Que puis-je faire pour raccorder mon autre iMac en Ethernet...?
Réponse: un autre câble Ethernet évidemment. Problème posé: J'en ai déjà un qui court le long des murs et je n'ai pas la place pour en faire passer deux. Solutions trouvées:
1: Acheter une autre maison avec des murs plus épais pour avoir la place.
2: Poser du plâtre pour grossir les murs.
3: Faire serpenter un câble 50m par terre, très élégant...
4: Acheter un deuxième Switch Ethernet pour rallonger la portée câblée sans rallonger le câble.

Après avoir hésiter avec la Solution 1, je l'ai jouée économe et ai choisi la solution 4.
J'ai donc acheté un nouveau Switch Ethernet.
Je débranche donc le câble Ethernet qui arrivait sur l'iMac et je le branche sur le nouveau Switch. De ce Switch je fais partir 2 nouveaux câbles Ethernet. Un sur l'iMac du début et un autre sur mon nouveau périphérique (qui s'avère être un iMac aussi, mais appelons le P2 pour Périphérique 2).

Je suis content c'est joli et efficace.

Sur l'iMac (appelons le P1) aucun souci, Ethernet reconnu et Internet parfait & rapide.
Sur l'autre iMac en revanche, ça merde. "Adresse IP Auto-assignée" ne me lâche pas. Je suis pourtant pas une bille en info (je suis pas un pro non plus mais bon), mais là je sèche. Je sais que les adresse IP en "169.254.105.6" résulte d'une merde avec le serveur DHCP mais dieu seul sait que je suis en ouverture large de 192.168.1.2 à xxx.xxx.1.254 donc ça doit pas être un manque d'adresses disponibles et le pire dans tout ça, c'est que j'ai beau échanger les câbles Ethernet de P1 & de P2, le souci est sur mon iMac je pense, mais je sais pas où.

Alors je me suis dit "Bibi, t'emmerde pas, exporte les configurations de l'iMac qui fonctionne". Ce que je fais. Je les reçois sur le mien (je me suis connecté en WiFi en attendant) et je les importe pour MA connexion Ethernet. J'applique... J'attends, rien de plus. Auto-assignée revient encore et encore. S'il vous plaît, dîtes moi que j'ai pas tout tenter.
Mais j'ai quand même tenté:
-Changer le câble Ethernet (Cat. 5 Droit)
-Redémarrer Modem, les deux Switch et iMac.
Et rien de plus. C'est à n'y rien comprendre.

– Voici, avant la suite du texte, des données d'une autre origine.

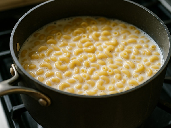 Heat the milk, salt, cayenne, mustard, nutmeg, and a tablespoon of butter in a pot over medium heat until it’s just about to simmer. Once it’s hot, stir in the macaroni. Let it cook gently, stirring now and then, until the pasta is tender but still has a little bite—this should take around 8 minutes, so don’t rush it.

Pouvez-vous m'aider s'il vous plaît?

TRÈS cordialement, MacU.


----------



## Zyrol (18 Janvier 2011)

interessant...

Dans l'ordre : 
- inverse les 2 imacs pour vérifier qu'il n'y a pas de probleme de switch ou autre.
- crée une session de test sur le second imac afin de vérifier si le problème se situe sur ta session (pref systeme > comptes)

j'attends la suite


----------



## Macuserman (18 Janvier 2011)

Zyrol a dit:


> interessant...
> 
> Dans l'ordre :
> - inverse les 2 imacs pour vérifier qu'il n'y a pas de probleme de switch ou autre.
> ...



Comment ça inverser les iMac? Les deux sont connectés sur le même Switcheur et j'ai déjà échangé les câbles entre les deux.

Je vais tester le nouveau profil. 

Merci !!

---------- Nouveau message ajouté à 22h25 ---------- Le message précédent a été envoyé à 22h19 ----------

La nouvelle session a le même souci, avec une IP Auto-Assignée... 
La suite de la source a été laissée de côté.